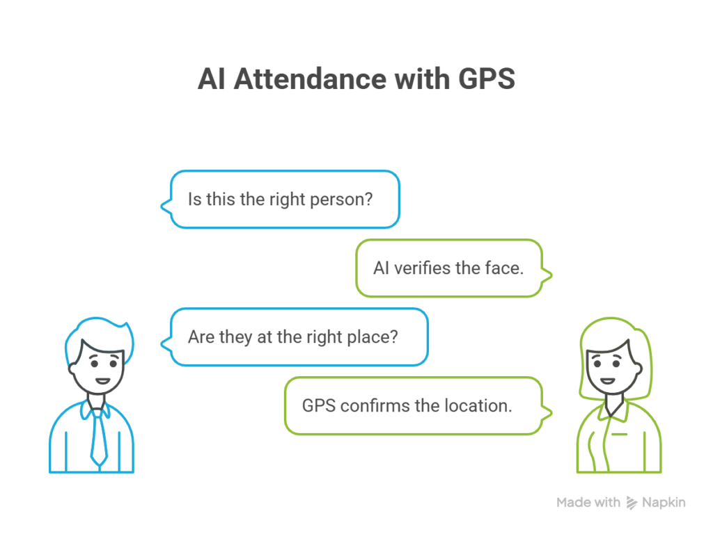 When AI is added, AI attendance can also verify who is marking attendance, while GPS confirms where they are.
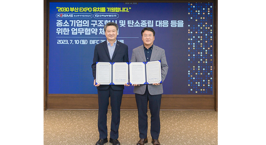 한국남부발전과 중진공은 7월 10일 부산 한국남부발전 비전룸에서 이승우 사장과 김학도 중진공 이사장을 비롯한 관계자 10여 명이 참석한 가운데, ‘중소기업의 구조혁신 및 탄소중립 대응 지원을 위한 업무협약’을 체결했다. 이날 체결된 업무협약을 바탕으로 두 기관은 향후 산업대전환 가속화에 따른 디지털전환 등 구조혁신 및 탄소중립 등 협력 중소기업의 신성장 동력 창출과 신사업 진출을 적극 지원할 계획이다. 이에, 한국남부발전과 중진공은 구조혁신사업을 중심으로 구조혁신 수요 공동 발굴 및 참여 우대, 탄소중립 수준 진단 및 정책규제 발굴 개선, 온실가스 감축을 위한 협업체계 구축, 협력사 핵심인력 장기재직 지원 등에 적극 협력하기로 했다. 또한, 양 기관은 탄소중립 분야에도 협력하여 구조혁신 우수사례 발굴 및 참여 협력사 지원 등 지속적인 성과 창출이 중소기업 경쟁력 강화로 이어지는 선순환 체계를 만들어 나갈 예정이다.
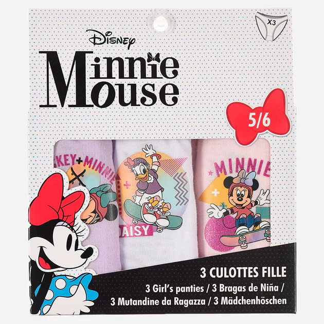 Pack 3 mutandine a tema Minnie Mouse. Prodotto a licenza ufficiale.

◆ **EXERCISE**
Give back the material above exactly, but without its images.

◆ **SOLUTION TO THIS TASK**
 When AI is added, AI attendance can also verify who is marking attendance, while GPS confirms where they are.
 한국남부발전과 중진공은 7월 10일 부산 한국남부발전 비전룸에서 이승우 사장과 김학도 중진공 이사장을 비롯한 관계자 10여 명이 참석한 가운데, ‘중소기업의 구조혁신 및 탄소중립 대응 지원을 위한 업무협약’을 체결했다. 이날 체결된 업무협약을 바탕으로 두 기관은 향후 산업대전환 가속화에 따른 디지털전환 등 구조혁신 및 탄소중립 등 협력 중소기업의 신성장 동력 창출과 신사업 진출을 적극 지원할 계획이다. 이에, 한국남부발전과 중진공은 구조혁신사업을 중심으로 구조혁신 수요 공동 발굴 및 참여 우대, 탄소중립 수준 진단 및 정책규제 발굴 개선, 온실가스 감축을 위한 협업체계 구축, 협력사 핵심인력 장기재직 지원 등에 적극 협력하기로 했다. 또한, 양 기관은 탄소중립 분야에도 협력하여 구조혁신 우수사례 발굴 및 참여 협력사 지원 등 지속적인 성과 창출이 중소기업 경쟁력 강화로 이어지는 선순환 체계를 만들어 나갈 예정이다.
 Pack 3 mutandine a tema Minnie Mouse. Prodotto a licenza ufficiale.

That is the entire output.